I'm getting ready to cut the sides out but I can't figure from the dimentions of the plans how to make the aviary sides?


----------



## Guest (Nov 4, 2010)

raftree3 said:


> I'm getting ready to cut the sides out but I can't figure from the dimentions of the plans how to make the aviary sides?


well Im guessing it all depends on the angle of your roof and how it comes down ,on the plans it states it stems from the top of the roof and angle down to where it ends 60 inches from the top http://www.redroselofts.com/step_2.htm


----------



## calzephyr (Dec 22, 2009)

Raftree - Here's how I figured it. I had my son use his algebra, which says if you have a right triangle (the aviary side), then the length of one side (60") squared, plus the length of the second side (36") squared = the length of the third side squared. 

So, when you do the math, the length of the aviary side that is flush against the loft (the redrose plans don't show this length) is 48" + the 4" tab on the front = 52".

The plans make it look like you can cut two aviary sides out of one piece of 4 x 8 plywood, but since the long side is over 4 feet and the angled side is 60"(5 feet), it's hard to get two out of one 4 X 8.

It helps to fill in the plan measurements that are missing on the main part of the redrose plan drawings.

1) First, remember your large piece, the main side of the loft, is NOT 4 x 8 ft....it is 47" x 96".

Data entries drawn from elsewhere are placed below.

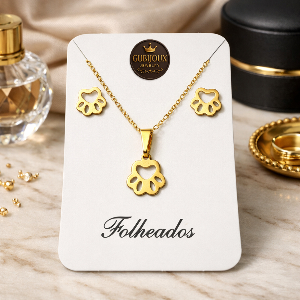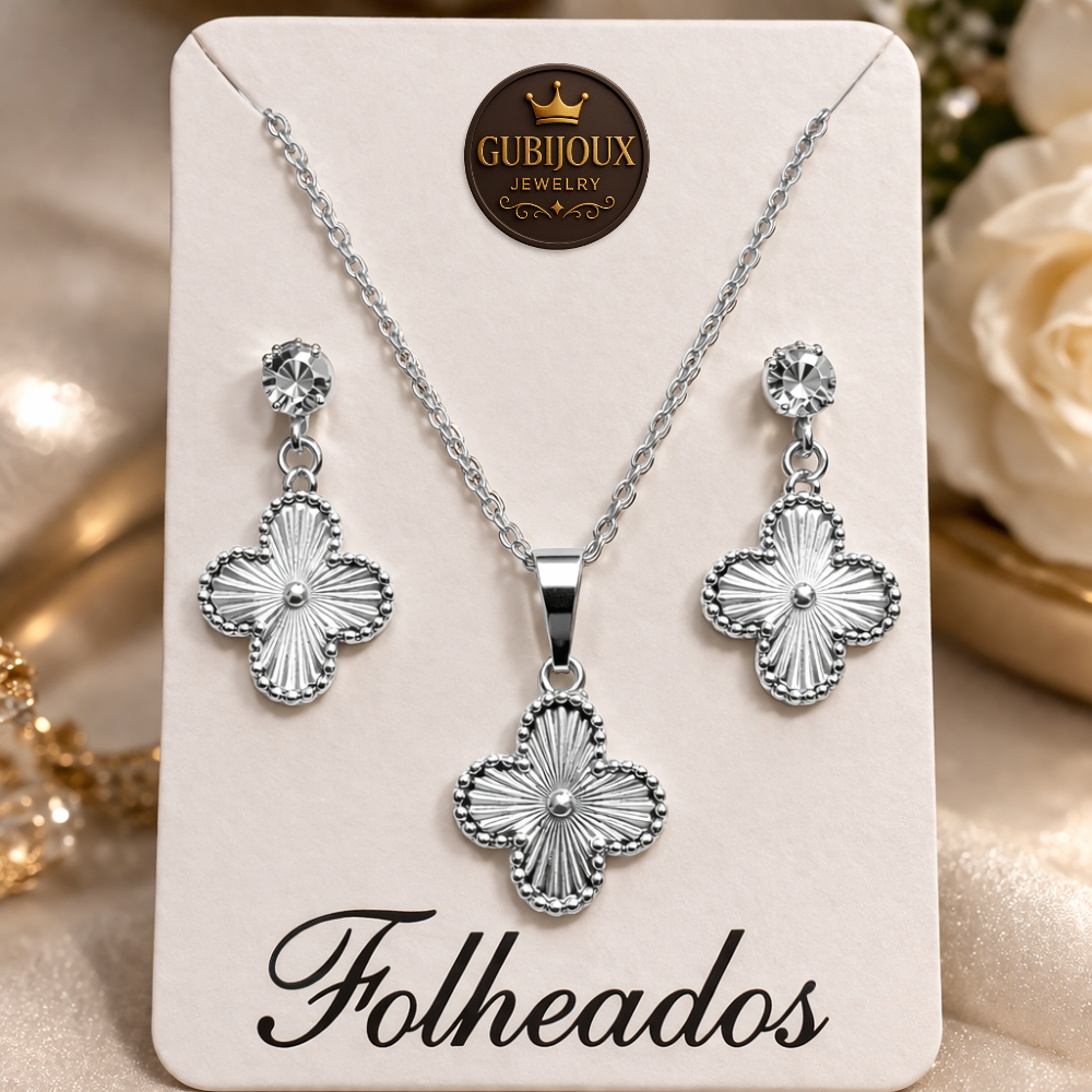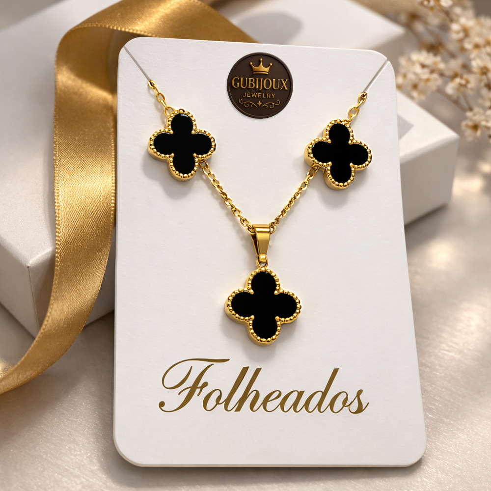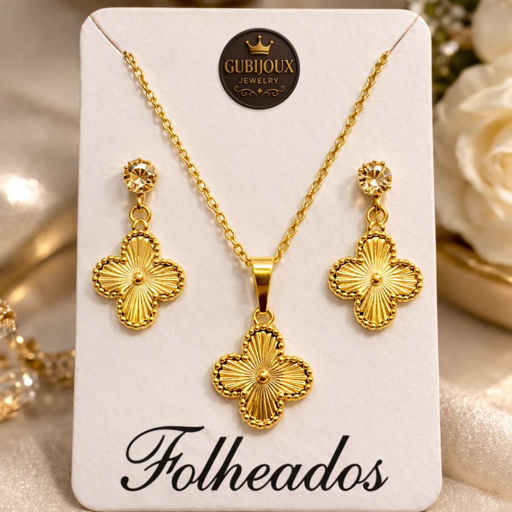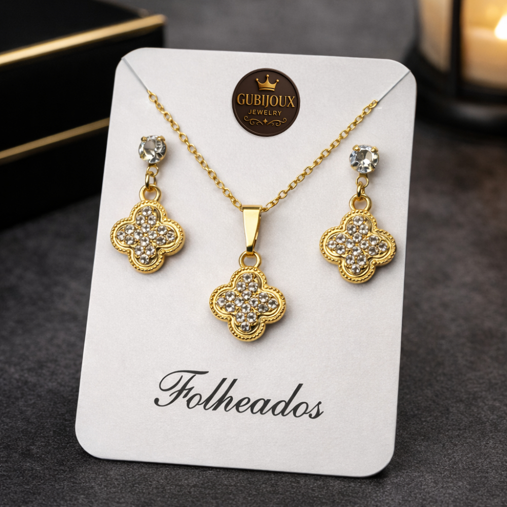 Conjunto Colar Brinco Trevo Folheado a Ouro18k
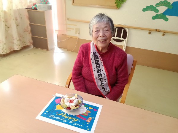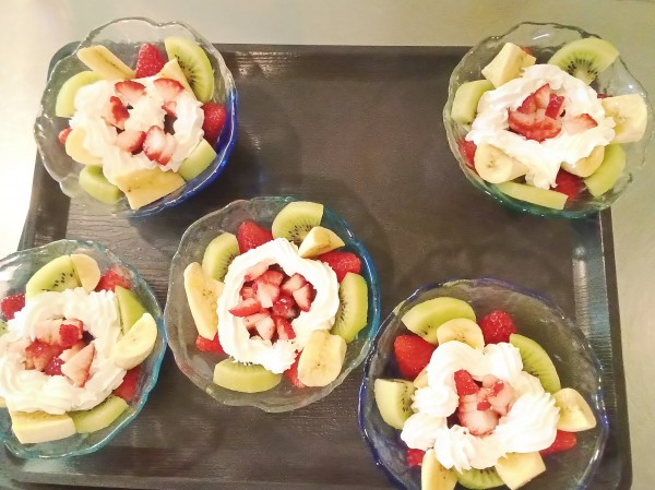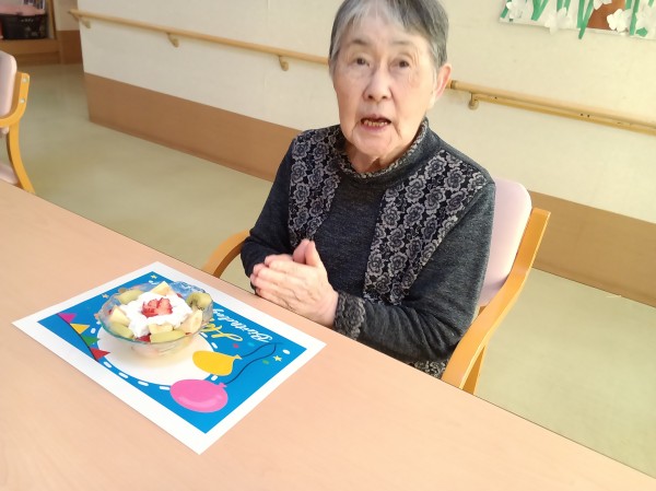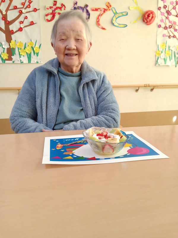 お祝いデザートは職員手作りのプリンアラモードです♪
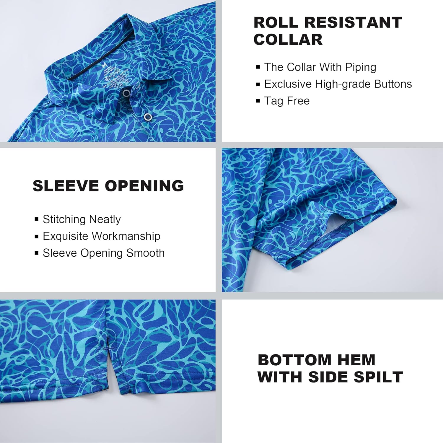 - Fashion Design:This mens golf shirts have a variety of colors for choice and all-over printed 4-way stretch fabric that's silk touch for skin and easy care, well-made stitching ensures our men shirts work well and stay in shape.The polo with 3-button placket,piping collar and bottom side vents,to keep you comfortable and looking good.

2) So the upper right corner shows it is 36" to the peak, which means the other side of the peak is 11". (36" + 11" = 47")

3) Going down from the right corner, the back of the loft is 82" so the remaining length is 14" (82" + 14" = 96")

4) The drawings show that the front of the loft and the back of the loft are the same height, so that means that the little triangle that gets cut off the upper left of the loft side is 11" x 14". (see #2 above on how I got the 11")

5) We know the aviary side that butts against the loft is 52" and the length above it is 14" (same as the back), so that means the bottom of the aviary is 30" off the ground (96" - 52" - 14" = 30)

Hope some of this makes sense. It helps if you look at the plans while you read this. I just finished building one so I know what you're going through. Let me know if you have any more questions and I'll try to confuse you the best I can 

If I've made any mistakes here someone chime in and correct me.

-Cal


----------



## raftree3 (Oct 16, 2010)

Thanks ! I managed to figure it out, wish I had your advice a little sooner. I'm still puzzled by the roof. I'm concerned about rain and snow using their design.


----------



## crosbeem (Sep 20, 2010)

*Protractor*

Given that the drawings are scaled correctly why not use a protractor.


----------